It bugs me a bit, and I can't explain why there is so little ways of protecting another device from this annoying phenomenon that are actually implemented in many manufacturer software.
OK, so what theoretical ways do we have to prevent these naive VRRP role change?
There are actually a lot of possibilities, here are a few of them I have seen:
- Delay the interface operational "Up" status.
This way, the interface is a little bit less naive and says "OK, let's see if you can last more than a minute" to the adjacent booting device. In other cases (plugging a wire for example), it should not interfere with anything else.
It's brutal but it should work in any cases as long as the timer is long enough.
- Configure pre-empt conditions.
Like a timer or more complex conditions. This does work only when the VRRP announces are not using the failed device.
- Configure BFD for the interface May only work if BFD doesn't use the failed device/BFD is available on the failed device/the VRRP router and the failed device belongs to the same organization.

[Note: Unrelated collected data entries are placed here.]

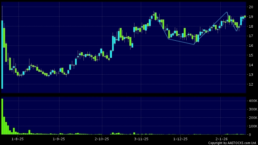 華新建材(06655.HK) +0.230 (+1.216%) 沽空 $1.52百萬; 比率 1.894% 呈現杯柄形向上突破。現價報18.910,下跌0.421%,成交量2.32百萬股,成交額4.38千萬。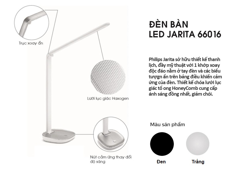 Không nhấp nháy bảo vệ sức khỏe đôi mắt bộ đèn bàn Led Philips 66016 Jabiru table lamp LED white 1x4.5W tuân thủ theo chuẩn test IEC 62778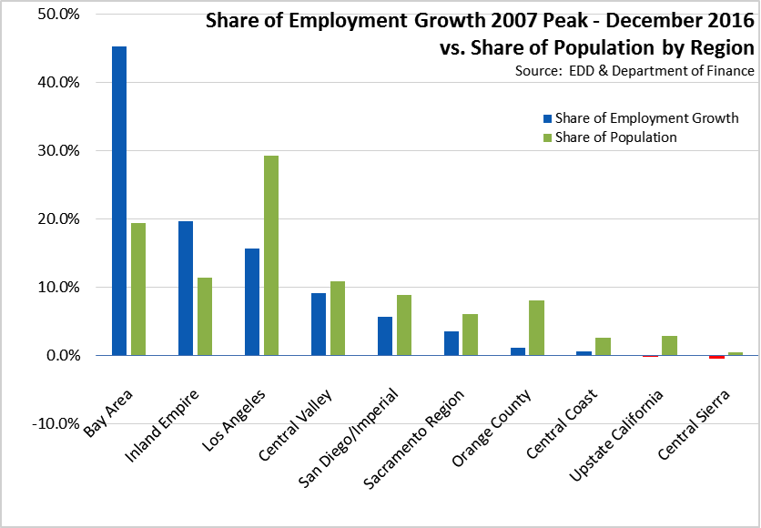Containing just under 20% of the state’s population, the Bay Area was responsible for 45.2% of the net growth in employment since the pre-recession peak in 2007. Los Angeles Region, remaining in third place behind Inland Empire, has only 15.6% of net employment gains and just under 30% of the total population.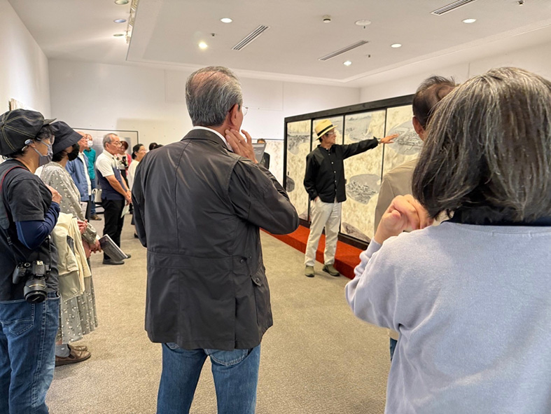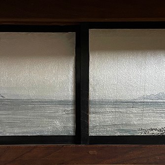 I visited Takamijima, an island floating off the coast of Kaiganji, and composed the scene in a yamato-e style with reverse perspective, distilling the view into a poetic form.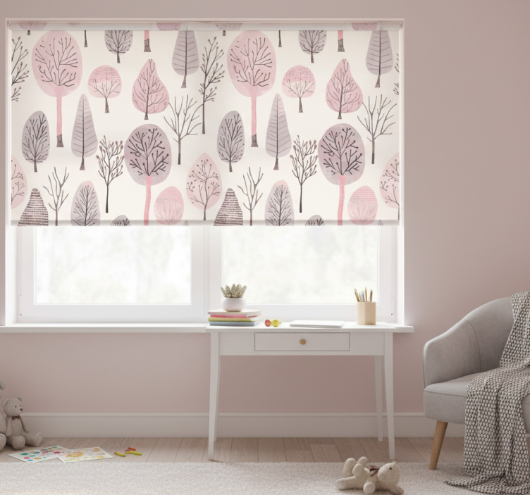 Pembe stor perde İskandinav ağaçları

- Configuring a ping-server/Tracking an IP
It is a bit of an overkill, and may not always work if firewalls are present in the neighbourhood (not so uncommon, as we are at a routing point).

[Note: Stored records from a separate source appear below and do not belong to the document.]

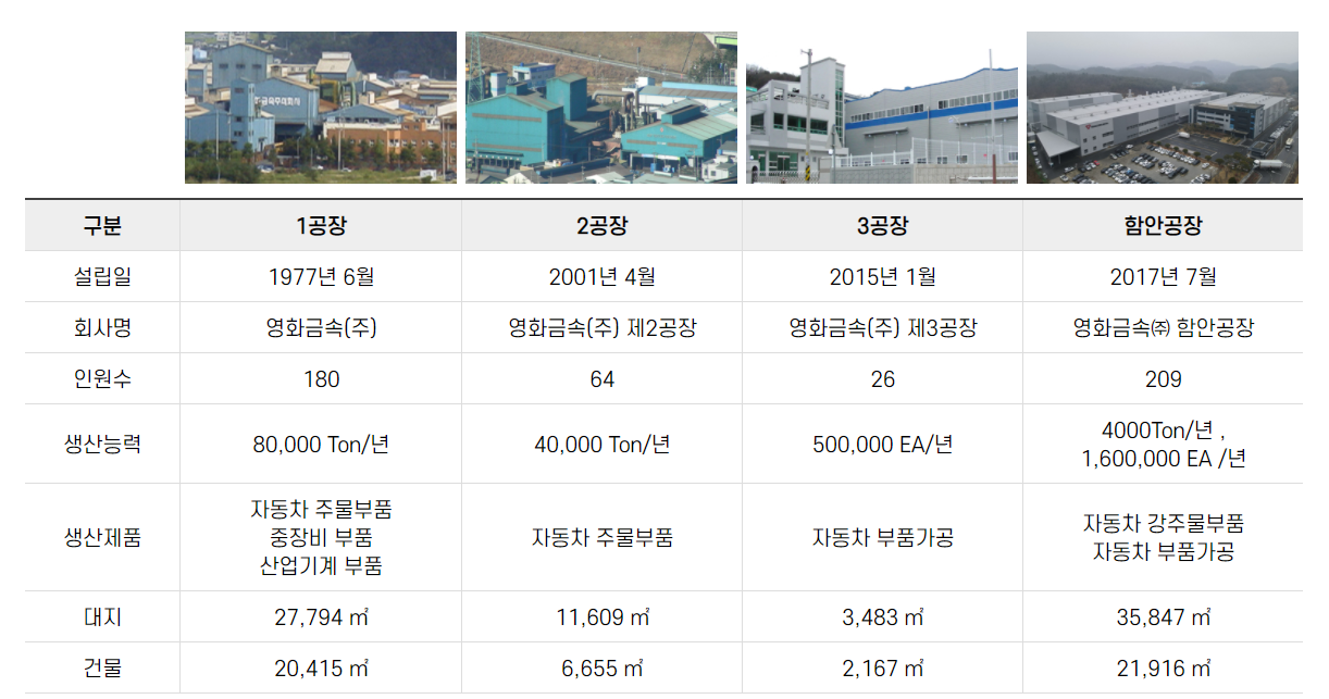 영화금속은 위와같이 여러곳에 공장을 소유하고 있으며, 특히 자동차 부품제공과 같은 부분에서 우수함을 나타내고 있어, 굳이 가덕도 신공항 관련주가 아니라 자동차 부품 관련주 테마서 섞여서 상승세를 보일때도 강세를 보일수 있는 끼를 가지고 있는 종목이라고 할수있습니다.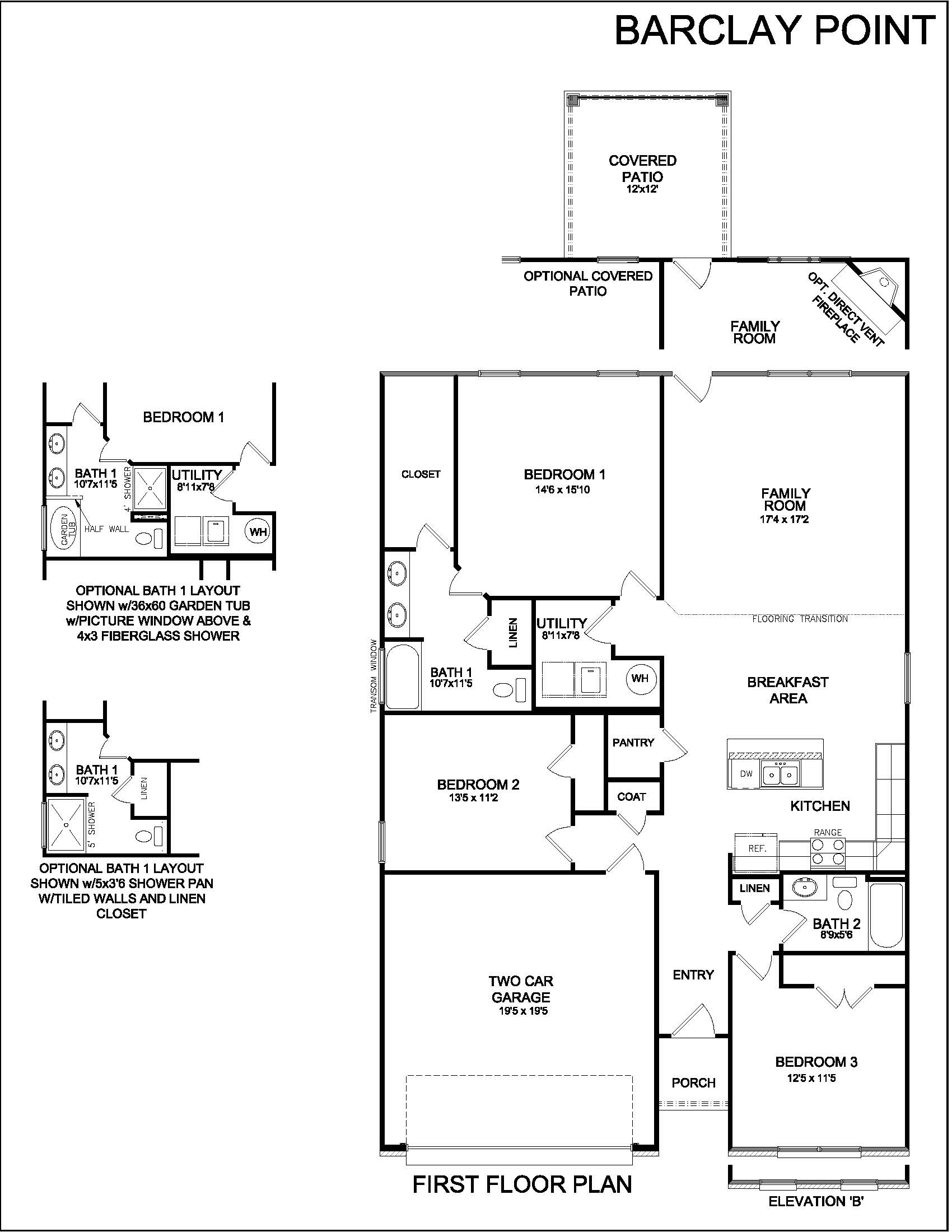 The Barclay Point, part of the Trend Collection by Ball Homes, is an open layout ranch plan with three bedrooms. This semi-split bedroom design places one bedroom and the hall bath off the entry, and the primary bedroom suite and additional bedroom on the other side of the home. The kitchen is at the heart of the home and offers both a breakfast area and countertop dining at the island. The kitchen opens to the family room at the rear of the home. The primary bedroom suite includes a bedroom with large closet and spacious bath with tub/shower, transom window, and linen storage. An upgrade primary bath offers a garden tub, separate shower, and picture window.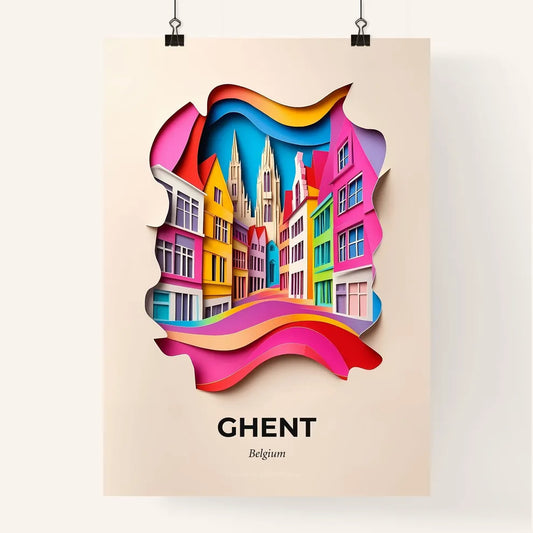 Vivid Ghent, Belgium - a paper cut of a city with a rainbow wave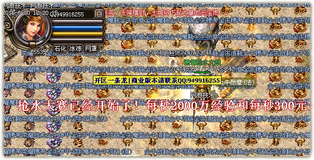 活动不断:每隔30分钟土药刷元宝神龙,每隔一个小时土药激情抢水,每隔40分钟刷3只主宰元神,每隔一小时刷传奇之帝

- Delay the VRRP instance operational "Up" status.
This is probably the cleanest way as it only affects the VRRP instance (which is the only one having a problem here) and not other functions (administration of the failed device for example). Also, it works even if the VRRP announces passes through the failed device (which to me feels like a cheap use of VRRP).
This is different from an initialization delay, as the Init state is reached way before the link is falsely restored.
- Other ways may exist, but that is all I have seen so far. If you happen to know some, feel free to contact me, I'll be glad to learn !
As a conclusion, I would like to point out that these workarounds are mostly implementation dependent, as I don't think the RFC details this type of cases.
Also, this situation only happens when the VRRP announces uses the same medium as the traffic itself, or when a pre-empt is configured.